Obama On Jobs Report: 'We Are Moving Forward Again'

WASHINGTON -- He may not have been openly celebrating, but President Barack Obama was clearly enthusiastic Friday as he weighed in on the latest jobs report that shows unemployment dipping below 8 percent -- a first since he became president.

"This morning, we found out that the unemployment rate has fallen to its lowest level since I took office. More Americans entered the workforce, more people are getting jobs," Obama said to cheers at a campaign event in Fairfax, Va. "Today, I believe that as a nation, we are moving forward again."

He didn't spend long celebrating the 7.8 percent unemployment rate, though. Instead, he immediately turned attention to the fact that plenty of people are still looking for work.

"Every month reminds us that too many of our friends and neighbors are looking for work," Obama continued. "Today's news is certainly not an excuse to talk down the economy to score a few political points. It's a reminder that this country has come too far to turn back now."

Whether or not it was because of the jobs numbers, Obama was clearly having fun at Friday's event. He repeatedly poked fun at Republican presidential nominee Mitt Romney, who said during Wednesday night's presidential debate that he liked Big Bird but still wanted to gut public television funding.

Romney is "finally getting tough on Big Bird. Rounding him up. Elmo's got to watch out, too," Obama said to laughs. Romney is "going to bring down the hammer on Sesame Street. Makes perfect sense."

He later wondered aloud why Romney thinks "Big bird is driving the deficits" instead of wealthy people benefiting from tax cuts. The line, of course, drew more laughs.

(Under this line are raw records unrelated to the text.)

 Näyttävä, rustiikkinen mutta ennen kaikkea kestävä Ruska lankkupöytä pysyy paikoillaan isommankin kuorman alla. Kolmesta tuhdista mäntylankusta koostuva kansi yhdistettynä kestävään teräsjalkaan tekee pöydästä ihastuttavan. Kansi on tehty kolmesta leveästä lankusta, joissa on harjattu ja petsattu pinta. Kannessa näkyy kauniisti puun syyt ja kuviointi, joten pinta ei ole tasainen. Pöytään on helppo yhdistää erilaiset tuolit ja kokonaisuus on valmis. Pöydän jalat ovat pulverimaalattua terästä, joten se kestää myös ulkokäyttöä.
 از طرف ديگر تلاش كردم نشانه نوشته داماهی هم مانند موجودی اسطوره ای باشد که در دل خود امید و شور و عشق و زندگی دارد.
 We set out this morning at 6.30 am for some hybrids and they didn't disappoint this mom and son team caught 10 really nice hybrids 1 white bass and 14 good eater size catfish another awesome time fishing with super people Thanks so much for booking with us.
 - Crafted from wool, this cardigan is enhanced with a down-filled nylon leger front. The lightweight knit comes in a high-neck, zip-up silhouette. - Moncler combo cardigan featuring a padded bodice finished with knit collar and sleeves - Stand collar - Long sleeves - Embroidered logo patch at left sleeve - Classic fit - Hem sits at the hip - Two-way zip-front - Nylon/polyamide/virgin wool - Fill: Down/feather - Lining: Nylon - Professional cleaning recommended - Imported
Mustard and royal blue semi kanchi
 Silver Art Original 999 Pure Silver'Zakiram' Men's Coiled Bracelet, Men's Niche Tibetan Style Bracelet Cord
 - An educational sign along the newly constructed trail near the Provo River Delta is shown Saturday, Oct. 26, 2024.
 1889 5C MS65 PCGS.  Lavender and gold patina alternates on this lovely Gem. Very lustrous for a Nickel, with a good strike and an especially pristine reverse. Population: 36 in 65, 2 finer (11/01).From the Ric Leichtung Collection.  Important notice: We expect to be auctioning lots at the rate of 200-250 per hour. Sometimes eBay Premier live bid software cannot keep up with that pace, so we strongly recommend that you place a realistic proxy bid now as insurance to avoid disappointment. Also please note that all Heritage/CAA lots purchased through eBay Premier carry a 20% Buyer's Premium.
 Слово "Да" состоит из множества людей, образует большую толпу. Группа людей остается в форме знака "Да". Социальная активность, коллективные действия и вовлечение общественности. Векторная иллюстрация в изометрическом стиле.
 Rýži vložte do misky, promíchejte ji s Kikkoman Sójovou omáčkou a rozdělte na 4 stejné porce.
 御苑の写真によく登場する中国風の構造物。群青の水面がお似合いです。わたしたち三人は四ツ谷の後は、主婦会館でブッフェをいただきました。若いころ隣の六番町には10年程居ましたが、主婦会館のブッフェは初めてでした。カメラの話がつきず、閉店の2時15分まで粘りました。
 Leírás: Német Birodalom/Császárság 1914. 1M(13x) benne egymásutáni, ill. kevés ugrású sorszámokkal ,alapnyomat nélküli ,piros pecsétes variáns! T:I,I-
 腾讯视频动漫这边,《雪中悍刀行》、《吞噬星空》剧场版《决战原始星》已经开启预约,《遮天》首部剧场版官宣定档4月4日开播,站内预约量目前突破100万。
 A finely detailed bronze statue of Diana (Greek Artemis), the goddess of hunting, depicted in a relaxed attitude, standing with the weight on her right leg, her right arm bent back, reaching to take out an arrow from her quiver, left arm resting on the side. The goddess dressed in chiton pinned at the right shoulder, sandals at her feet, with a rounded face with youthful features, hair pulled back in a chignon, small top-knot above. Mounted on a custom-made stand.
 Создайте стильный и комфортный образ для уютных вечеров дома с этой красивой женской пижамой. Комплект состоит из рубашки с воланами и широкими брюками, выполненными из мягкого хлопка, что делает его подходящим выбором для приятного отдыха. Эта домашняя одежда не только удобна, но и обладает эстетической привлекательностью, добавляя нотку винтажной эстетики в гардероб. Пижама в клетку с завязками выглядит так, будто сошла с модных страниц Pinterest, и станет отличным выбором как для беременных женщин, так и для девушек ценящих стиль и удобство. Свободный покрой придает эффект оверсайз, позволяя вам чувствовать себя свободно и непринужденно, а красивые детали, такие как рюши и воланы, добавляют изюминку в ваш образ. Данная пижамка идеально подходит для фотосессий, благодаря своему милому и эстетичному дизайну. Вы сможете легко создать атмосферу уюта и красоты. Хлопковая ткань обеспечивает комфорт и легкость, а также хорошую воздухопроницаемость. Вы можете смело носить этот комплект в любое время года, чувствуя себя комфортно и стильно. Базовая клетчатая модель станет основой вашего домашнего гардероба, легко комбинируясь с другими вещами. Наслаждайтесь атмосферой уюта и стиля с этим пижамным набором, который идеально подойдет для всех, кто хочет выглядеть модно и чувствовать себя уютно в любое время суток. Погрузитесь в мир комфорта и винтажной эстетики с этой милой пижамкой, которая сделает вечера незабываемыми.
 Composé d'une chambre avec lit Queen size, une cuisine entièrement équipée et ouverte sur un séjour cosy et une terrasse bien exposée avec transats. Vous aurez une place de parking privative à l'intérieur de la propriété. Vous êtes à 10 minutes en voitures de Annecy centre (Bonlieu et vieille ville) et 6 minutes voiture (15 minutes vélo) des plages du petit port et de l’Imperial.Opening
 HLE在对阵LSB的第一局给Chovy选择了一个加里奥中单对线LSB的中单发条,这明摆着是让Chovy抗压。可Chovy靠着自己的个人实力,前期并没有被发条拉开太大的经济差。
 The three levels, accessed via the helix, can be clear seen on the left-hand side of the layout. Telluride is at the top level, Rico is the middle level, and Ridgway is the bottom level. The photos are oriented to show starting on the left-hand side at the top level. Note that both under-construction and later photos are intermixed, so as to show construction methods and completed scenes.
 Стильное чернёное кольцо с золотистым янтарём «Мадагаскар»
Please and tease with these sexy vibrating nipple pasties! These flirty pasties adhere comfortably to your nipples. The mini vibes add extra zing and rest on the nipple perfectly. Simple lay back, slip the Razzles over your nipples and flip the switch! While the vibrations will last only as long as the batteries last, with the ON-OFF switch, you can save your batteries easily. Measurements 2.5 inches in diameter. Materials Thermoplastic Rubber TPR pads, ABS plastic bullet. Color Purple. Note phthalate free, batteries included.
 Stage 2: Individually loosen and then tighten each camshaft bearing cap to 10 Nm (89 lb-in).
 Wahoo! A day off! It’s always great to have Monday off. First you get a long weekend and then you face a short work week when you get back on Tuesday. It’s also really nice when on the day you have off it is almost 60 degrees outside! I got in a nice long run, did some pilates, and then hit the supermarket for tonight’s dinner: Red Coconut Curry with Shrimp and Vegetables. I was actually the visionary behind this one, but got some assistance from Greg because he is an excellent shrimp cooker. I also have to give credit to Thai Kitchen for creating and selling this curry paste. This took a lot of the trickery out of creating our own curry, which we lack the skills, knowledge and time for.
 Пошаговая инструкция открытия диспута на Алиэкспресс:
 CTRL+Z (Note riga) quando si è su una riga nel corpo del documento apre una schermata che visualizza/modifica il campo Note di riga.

Earlier Friday, Obama Campaign Co-Chair Rep. Jan Schakowsky (D-Ill.) took joy in the fact that Republicans can no longer hit the president for failing to bring unemployment below 8 percent.

"I'm sure they are extremely disappointed that there are better job numbers in the United States because they have been trying to sabotage ... any efforts that would actually make the economy better," Schakowsky said on MSNBC. "Now they're going to just have to live with that number."